Third, it improves scalability. Large biobanks and precision-medicine datasets only work if sample quality and data quality are reproducible over time. The growth of All of Us and the European biobank discovery infrastructure shows the direction of travel: biotech is becoming more networked, more data-intensive, and more dependent on standardized quality assurance.

Fourth, it supports regulatory readiness. FDA and EMA do not substitute accreditation for statutory requirements, but their increasing focus on CMC, comparability, safety monitoring, and advanced-therapy oversight means that organizations producing the underlying evidence benefit from mature, externally assessed systems.

What accreditation does not do

It is important not to oversell it. Accreditation is not the same thing as product approval, marketing authorization, GMP licensing, GLP compliance, or clinical-trial authorization.

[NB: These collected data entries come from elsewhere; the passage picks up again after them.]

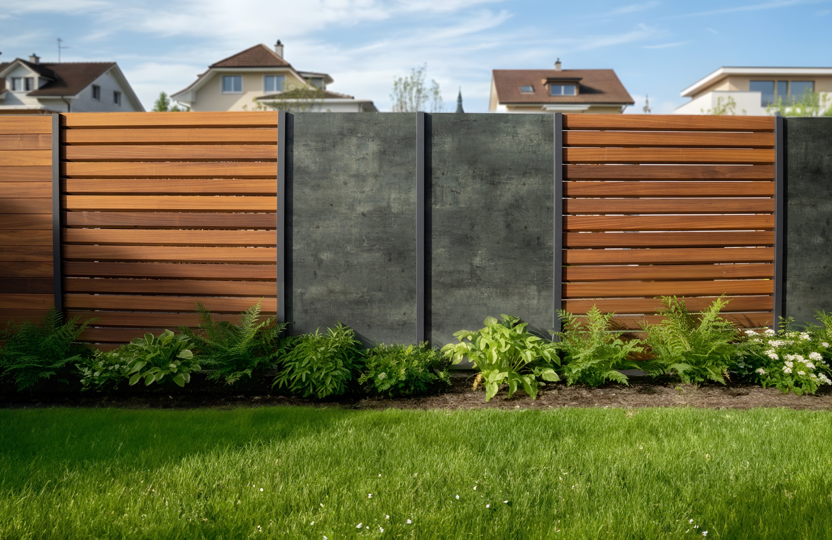 Einfrieden, Abgrenzen, Abschirmen, Repräsentieren; Betonzäune sind Der Thermoholz-Sichtschutz bringt natürliche Wärme und Charakter in Ihren Garten.Durch die spezielle Wärmebehandlung erhält das Holz seine satte, edle Farbgebung und wird besonders formstabil ganz ohne chemische Zusätze.Wählen Sie aus verschiedenen Lamellenformen und natürlichen Farbtönen und gestalten Sie Ihren Sichtschutz ganz nach Ihrem Stil.Thermoholz lässt sich zudem ideal mit Aluminium-Elementen oder anderen Materialien kombinieren.So entsteht eine Lösung, die Privatsphäre schafft und optisch richtig etwas hergibt – modern, hochwertig und zeitlos zugleich.
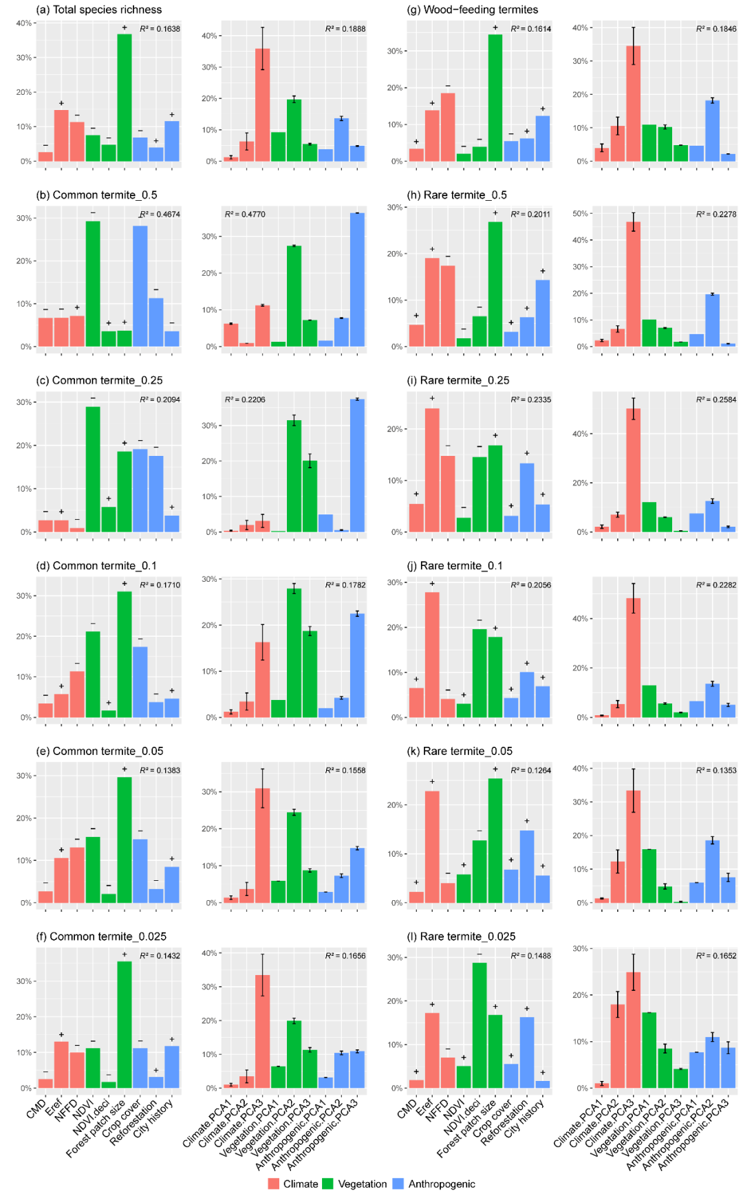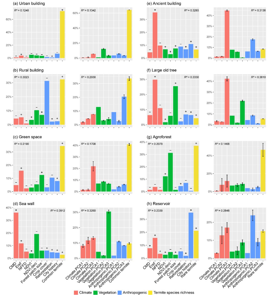 与环境因子相比,常见白蚁物种丰富度对于三类分布于人口密集区域的设施(城区建筑、农村建筑、城市绿地)的受灾水平具有最强的解释度。相较而言,气候对于古建筑和古树两类处于人口较稀少区域的设施受灾水平具有更强的解释度,气候和人为活动对水库受灾水平具有较强的解释度,而稀有白蚁物种丰富度仅对森林受灾水平有最强的解释度(图3)。
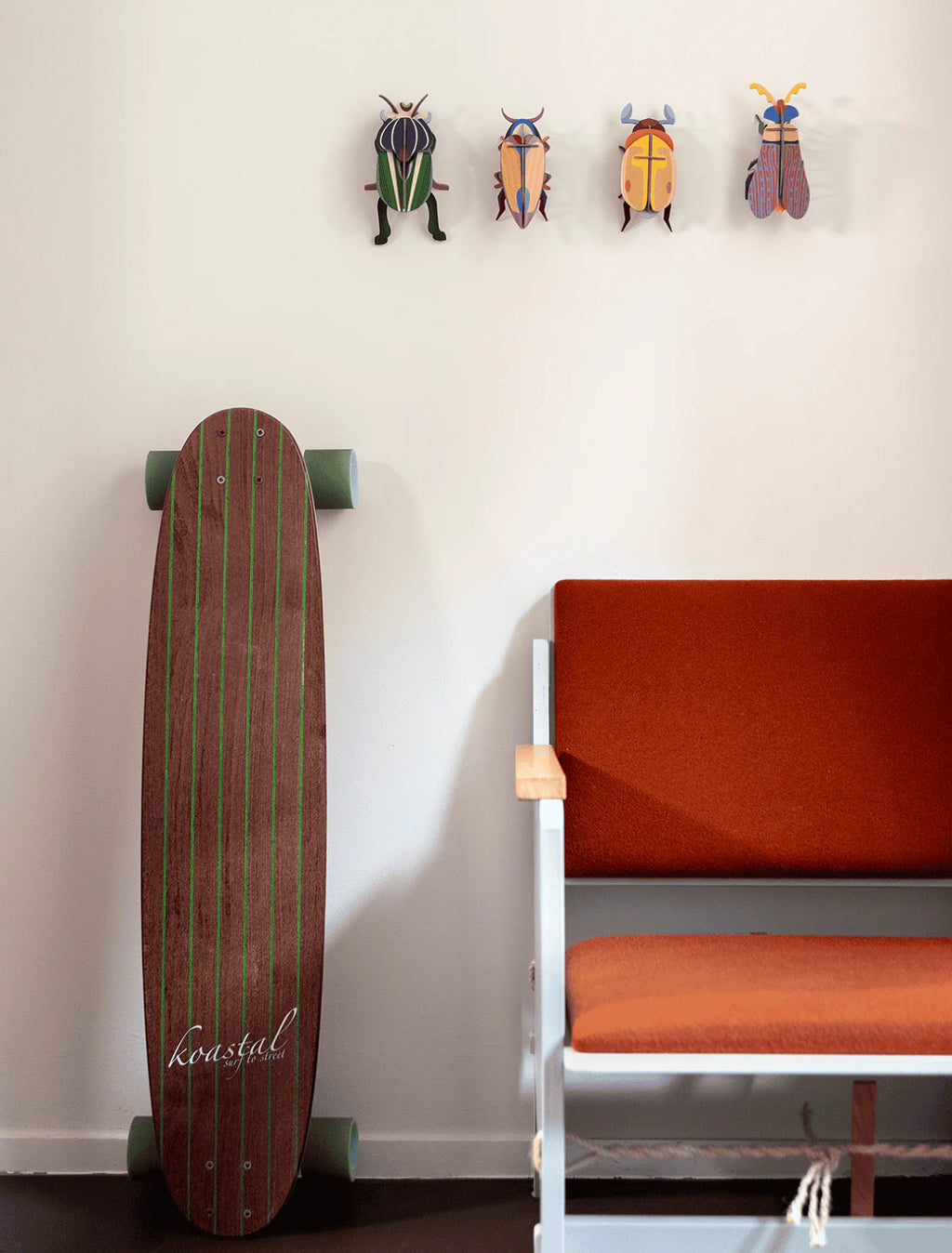 As small as they may be, insects are of great importance for the earth’s vitality. How extraordinary that they can now also tell their story in your home! Printed on recycled cardboard using vegetable ink, these colourful creatures with their bright graphic patterns allow you to add a little beauty to both your home and the world.
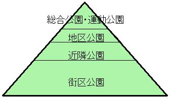 都市公園は、大きく4つの階層に分けられている。規模の大きいものから順に、総合公園・運動公園、地区公園、近隣公園、街区公園となっており、階層が上になるにつれて、その誘致圏も大きくなる。(図1)また、それらの概要を表1に示した。
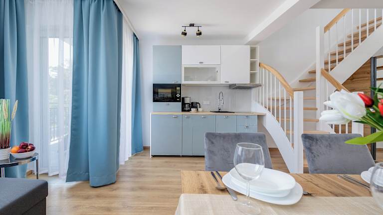 Die Unterkunft befindet sich in Dziwnów, etwa 2,3 km vom Oststrand Dziwnów sowie 1 km vom Strand Miedzywodzie entfernt. Der zentrale Strand Dziwnów ist 2,5 km entfernt. Die Umgebung bietet Möglichkeiten für Fahrradtouren. Der Bahnhof Swinemünde liegt 39 km entfernt.
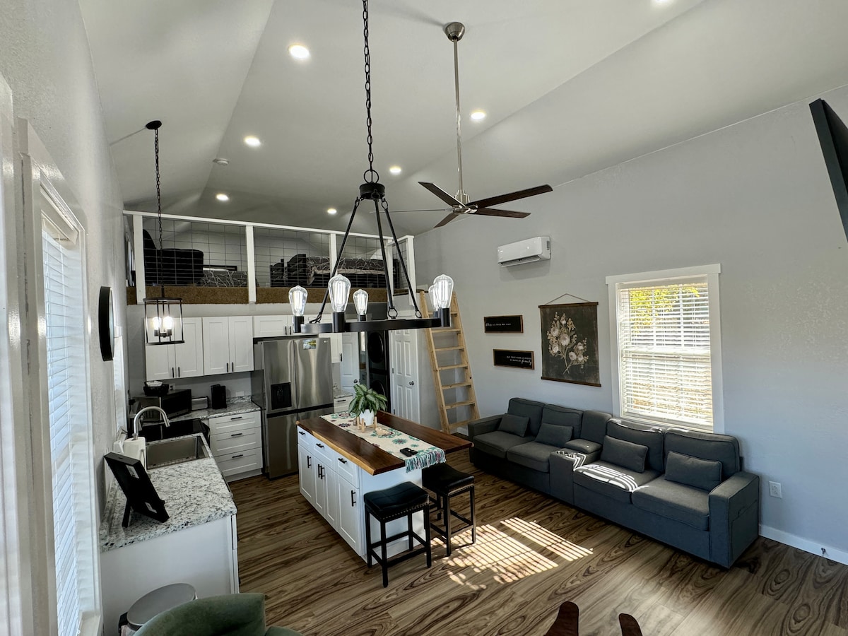 Enjoy this unique stay by sleeping in a cozy loft. Fast Internet 100Mbps. Climb library ladder to sleep in King size mattress in loft over looking the living quarters. Living quarters includes sofa bed that can sleep two, table, refrigerator, microwave, coffee maker. Beautiful wood finishes and decent size bathroom. Centrally located on Rogers Ave close to downtown. Suite has it’s own parking concrete pad. Guest suite is by our house, fence separating us. Pets MUST be added to guest list

For biotech firms, the right model is usually layered:

  • Regulation governs the product, the trial, or the manufacturing authorization.
  • Accreditation supports the competence of laboratories, biobanks, PT providers, inspection functions, and reference-material producers that generate critical evidence and services.

A practical biotech accreditation roadmap

A biotech organization usually gets more value by accrediting the right functions rather than trying to “accredit everything.”

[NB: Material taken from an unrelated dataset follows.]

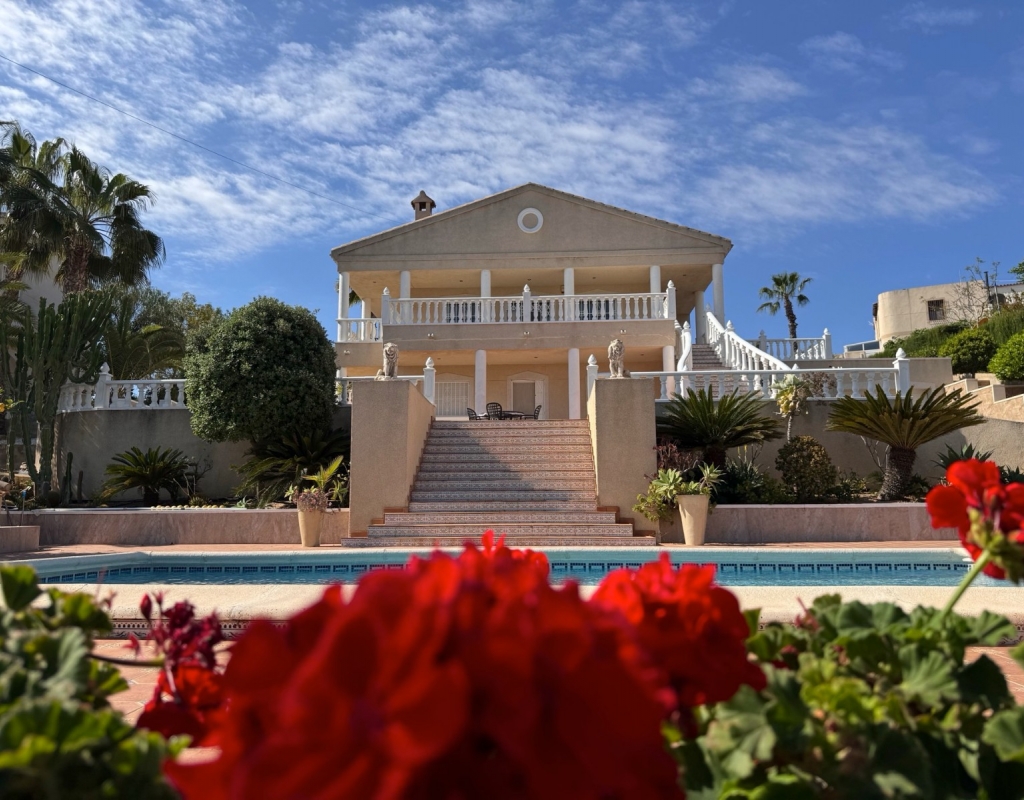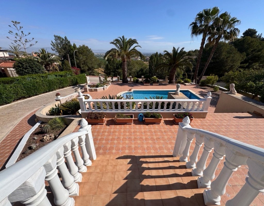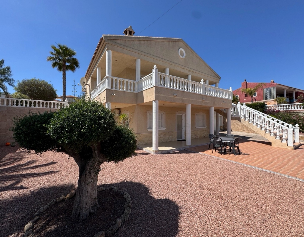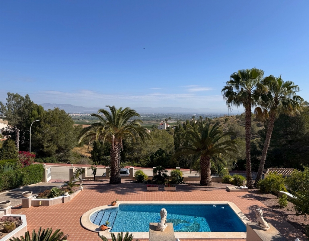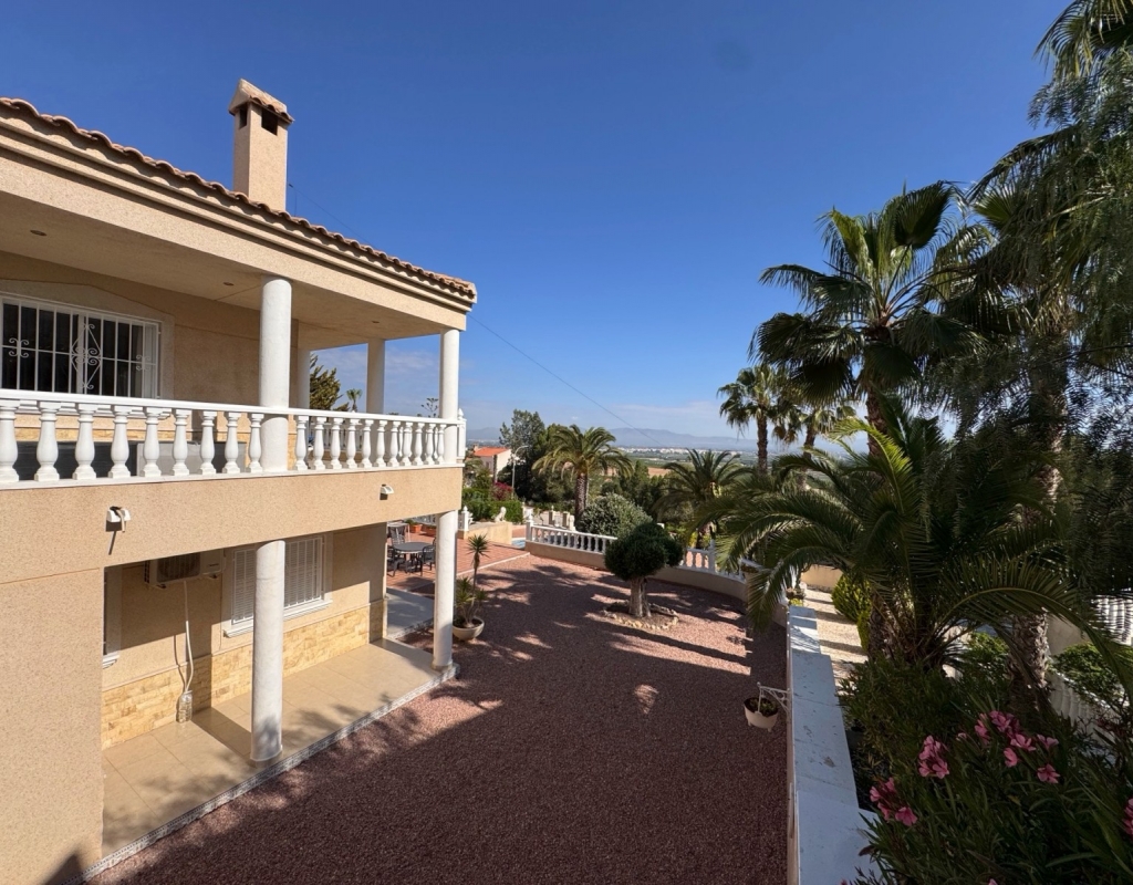 This Imposing 216m2, Three Bedroom, Detached Villa in Lomas de La Juliana is located in a very sought after residential area, with a tennis club at the entrance and La Finca 5* hotel, spa and golf course right on the doorstep, where you can also find a variety of eating places and shops. Main chain supermarkets can be found in Almoradi and Benijofar which are just 5 minutes by car. The beaches along the coast by car are approximately 20 minutes away. This outstanding home occupies a 1220m2 private landscaped plot with the most extensive views you will find in the area. The main living area of the villa is accessed via external staircase to an ´L´shaped covered terrace area, this then provides access into the lovely light living area, having a set of sliding doors and three sets of windows, feature open fireplace; incredible fitted kitchen/breakfast room; double bedroom and a family shower room. The ground floor of the property is accessed externally and comprises of lounge, archway into the fitted kitchen, bathroom and two double bedrooms. The garden is pebbled and tiled with a long driveway leading to a garage and a carport; the pool area has tiled surround and there are plenty of mature trees, bushes, palm trees surrounding. Extras include underfloor heating throughout the main floor, air conditioning, fitted wardrobes in all bedrooms, irrigation system.

Start with the functions that create the highest regulatory or scientific risk:

  • testing and QC laboratories: ISO/IEC 17025
  • clinical and molecular diagnostics laboratories: ISO 15189
  • biobank operations: ISO 20387
  • external quality assessment and inter-lab comparison support: ISO/IEC 17043
  • reference materials used for assay control and calibration: ISO 17034

Then build around those with:

  • method validation and measurement traceability,
  • documented competence requirements,
  • proficiency testing or equivalent external quality checks,
  • strong sample/data traceability,
  • biosafety and biosecurity controls,
  • and use of an accreditation body that is recognized through ILAC/ISO 17011 mechanisms.

Bottom line

For biotech, accreditation is becoming part of the sector’s infrastructure. As cell and gene therapies expand, as precision medicine relies on large genomic datasets, and as biobanks become more central to R&D and public health, organizations need more than internal SOPs. They need a credible, externally assessed way to show that their samples, results, and supporting processes are trustworthy. The strongest accreditation stack for biotech today is not one standard, but an ecosystem: ISO/IEC 17025 for testing, ISO 15189 for medical labs, ISO 20387 for biobanks, ISO/IEC 17043 for proficiency testing, and ISO 17034 for reference materials, all sitting under accreditation bodies operating to ISO/IEC 17011.

References

ISO 20387:2018, Biotechnology — Biobanking.
ISO 15189:2022, Medical laboratories — Requirements for quality and competence.
ISO/IEC 17025:2017, General requirements for the competence of testing and calibration laboratories.
ISO/IEC 17043:2023, General requirements for the competence and impartiality of proficiency testing providers.
ISO 17034:2016, General requirements for the competence of reference material producers.
ILAC overview and MRA/signatories.
FDA cellular and gene therapy products and guidances.
EMA advanced therapy medicinal products overview and legal/guidance pages.
WHO Laboratory Biosafety Manual and laboratory biosecurity guidance.
NIH All of Us genomic dataset update.
BBMRI-ERIC discovery and access infrastructure for biobanks.